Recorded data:
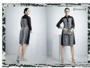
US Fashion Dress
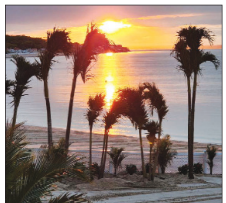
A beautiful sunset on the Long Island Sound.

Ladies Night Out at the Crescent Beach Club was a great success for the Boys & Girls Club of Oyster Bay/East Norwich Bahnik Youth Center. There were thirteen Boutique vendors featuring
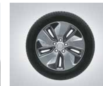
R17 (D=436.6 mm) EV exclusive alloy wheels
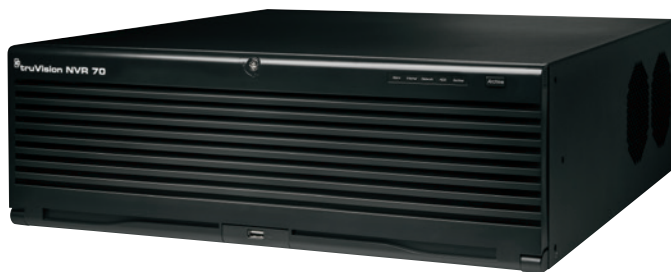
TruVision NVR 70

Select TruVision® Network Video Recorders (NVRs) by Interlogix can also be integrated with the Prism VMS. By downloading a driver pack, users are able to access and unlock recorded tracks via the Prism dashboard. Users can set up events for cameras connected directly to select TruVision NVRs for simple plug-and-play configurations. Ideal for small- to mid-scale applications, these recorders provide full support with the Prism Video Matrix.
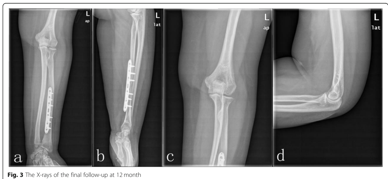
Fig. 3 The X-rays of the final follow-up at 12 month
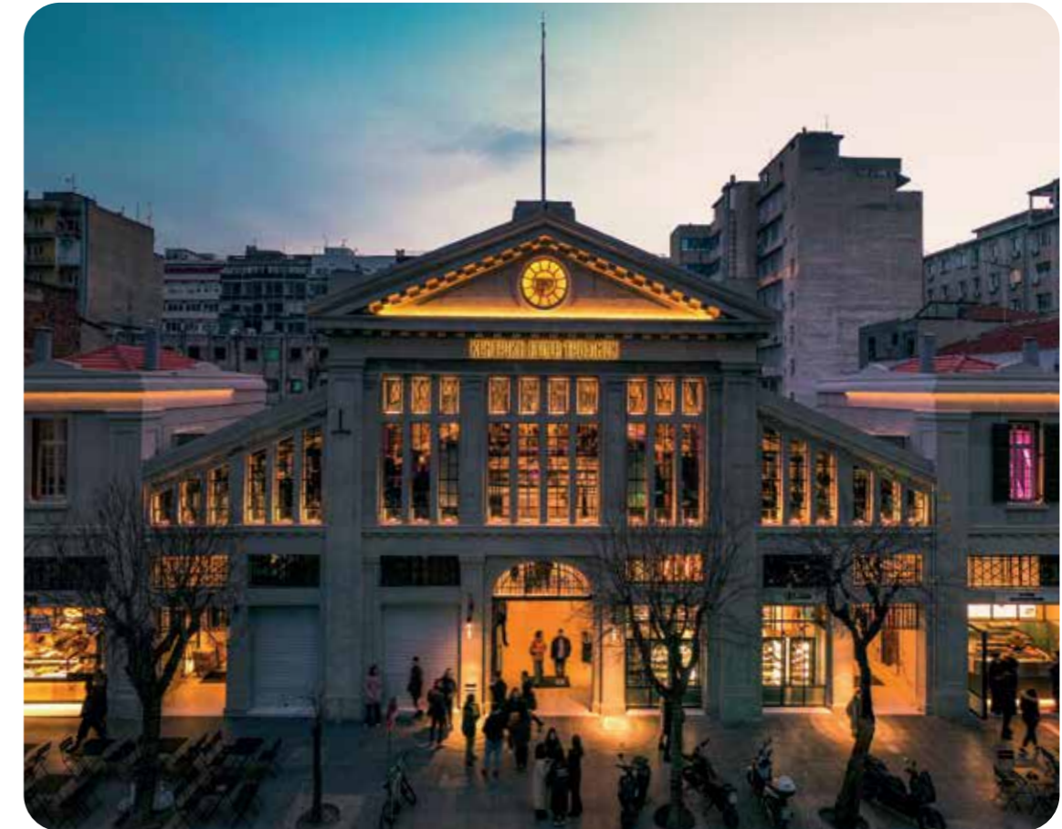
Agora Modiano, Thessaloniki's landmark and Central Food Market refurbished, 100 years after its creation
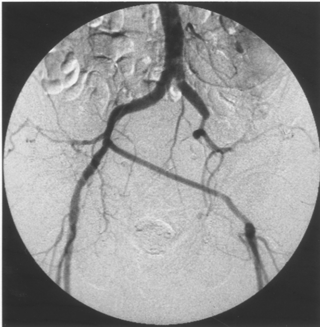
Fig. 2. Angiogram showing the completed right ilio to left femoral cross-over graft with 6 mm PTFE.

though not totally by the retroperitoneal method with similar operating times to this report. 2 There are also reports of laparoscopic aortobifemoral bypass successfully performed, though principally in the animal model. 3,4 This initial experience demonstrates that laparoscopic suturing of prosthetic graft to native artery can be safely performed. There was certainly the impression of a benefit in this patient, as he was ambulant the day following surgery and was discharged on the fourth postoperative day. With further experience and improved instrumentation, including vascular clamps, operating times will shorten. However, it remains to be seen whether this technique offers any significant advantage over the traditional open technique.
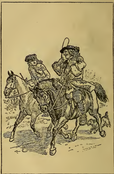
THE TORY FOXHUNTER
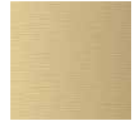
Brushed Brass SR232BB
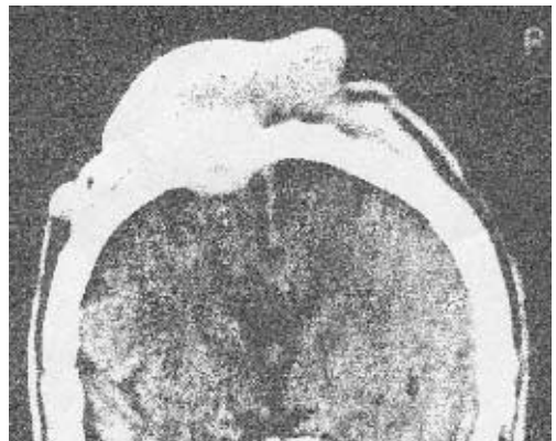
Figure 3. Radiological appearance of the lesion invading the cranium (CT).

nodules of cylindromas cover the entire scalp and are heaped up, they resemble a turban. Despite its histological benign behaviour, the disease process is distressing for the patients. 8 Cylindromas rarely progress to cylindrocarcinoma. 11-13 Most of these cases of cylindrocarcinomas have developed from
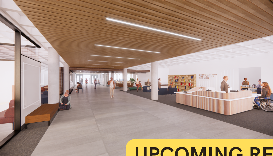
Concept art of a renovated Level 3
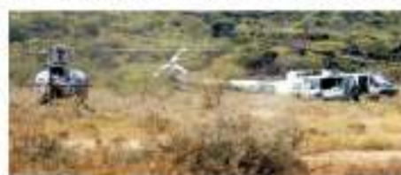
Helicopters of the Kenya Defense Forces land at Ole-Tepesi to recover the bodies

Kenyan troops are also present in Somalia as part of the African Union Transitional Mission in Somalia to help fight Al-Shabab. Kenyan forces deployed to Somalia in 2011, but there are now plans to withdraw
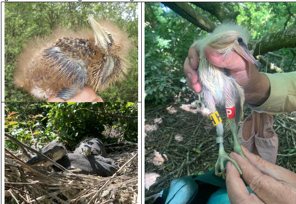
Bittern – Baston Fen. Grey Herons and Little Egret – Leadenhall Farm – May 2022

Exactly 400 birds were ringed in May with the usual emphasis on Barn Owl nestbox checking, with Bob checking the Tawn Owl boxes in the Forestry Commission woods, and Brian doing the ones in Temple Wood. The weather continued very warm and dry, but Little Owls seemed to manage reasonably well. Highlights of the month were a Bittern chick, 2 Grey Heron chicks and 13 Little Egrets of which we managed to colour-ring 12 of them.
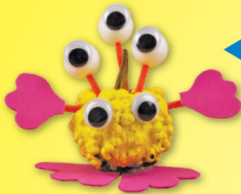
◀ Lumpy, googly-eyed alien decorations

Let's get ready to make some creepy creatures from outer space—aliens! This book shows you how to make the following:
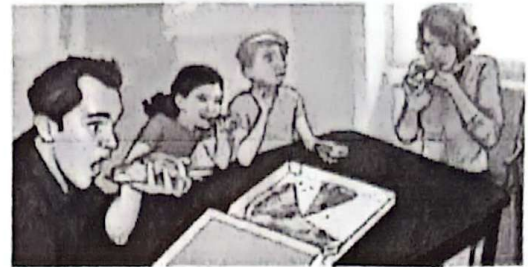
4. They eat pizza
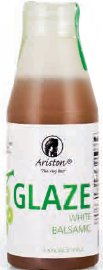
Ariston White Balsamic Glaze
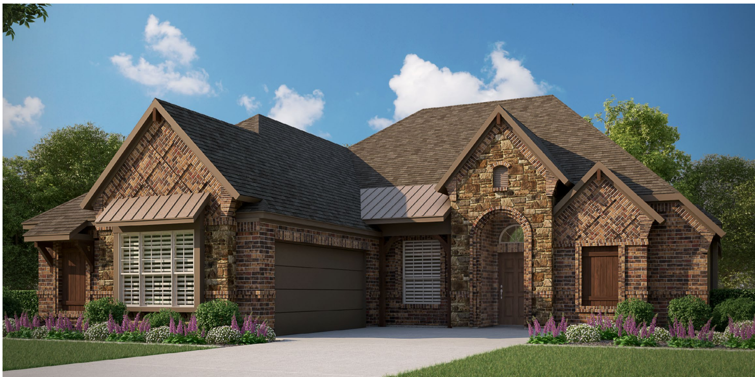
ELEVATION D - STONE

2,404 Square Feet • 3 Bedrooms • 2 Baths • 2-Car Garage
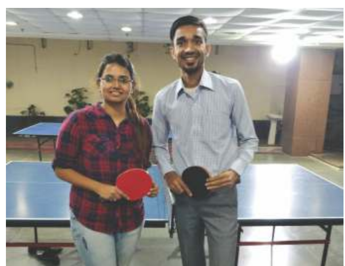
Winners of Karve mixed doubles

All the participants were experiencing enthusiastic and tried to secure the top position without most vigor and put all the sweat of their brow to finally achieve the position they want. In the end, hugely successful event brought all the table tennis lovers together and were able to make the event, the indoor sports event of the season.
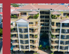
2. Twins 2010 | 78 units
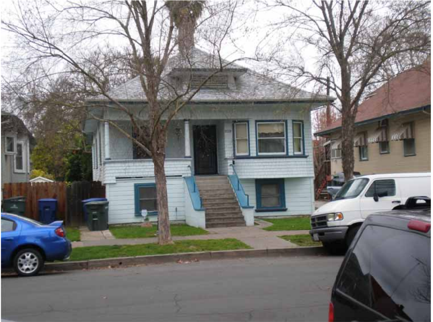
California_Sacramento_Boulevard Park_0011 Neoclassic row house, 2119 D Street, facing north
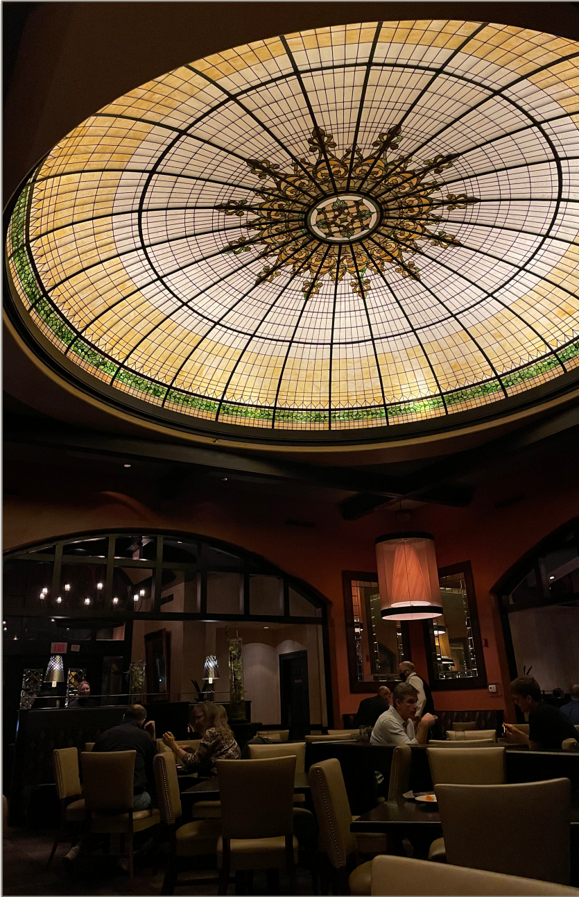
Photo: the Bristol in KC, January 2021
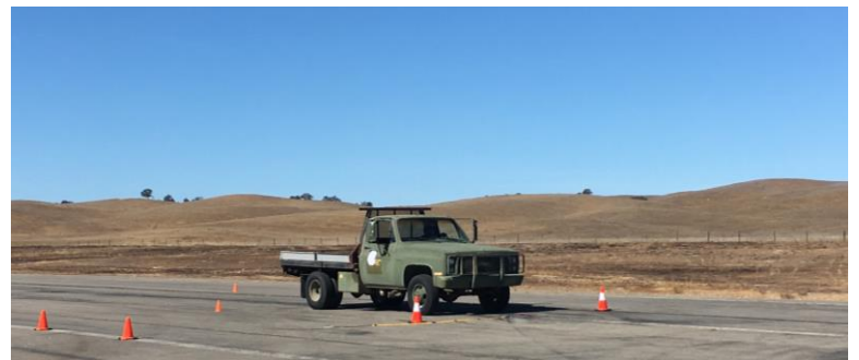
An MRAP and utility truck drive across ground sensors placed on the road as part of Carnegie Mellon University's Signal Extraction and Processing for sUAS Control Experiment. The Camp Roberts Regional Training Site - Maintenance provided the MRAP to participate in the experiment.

YOUR GOAL:
In the records above, find the line with "Agora Modiano, Thessaloniki's". Print exactly from there through the line with "Fig. 2. Angiogram", minus the pictures.

OUTPUT OF THE EXERCISE:
Agora Modiano, Thessaloniki's landmark and Central Food Market refurbished, 100 years after its creation
Fig. 2. Angiogram showing the completed right ilio to left femoral cross-over graft with 6 mm PTFE.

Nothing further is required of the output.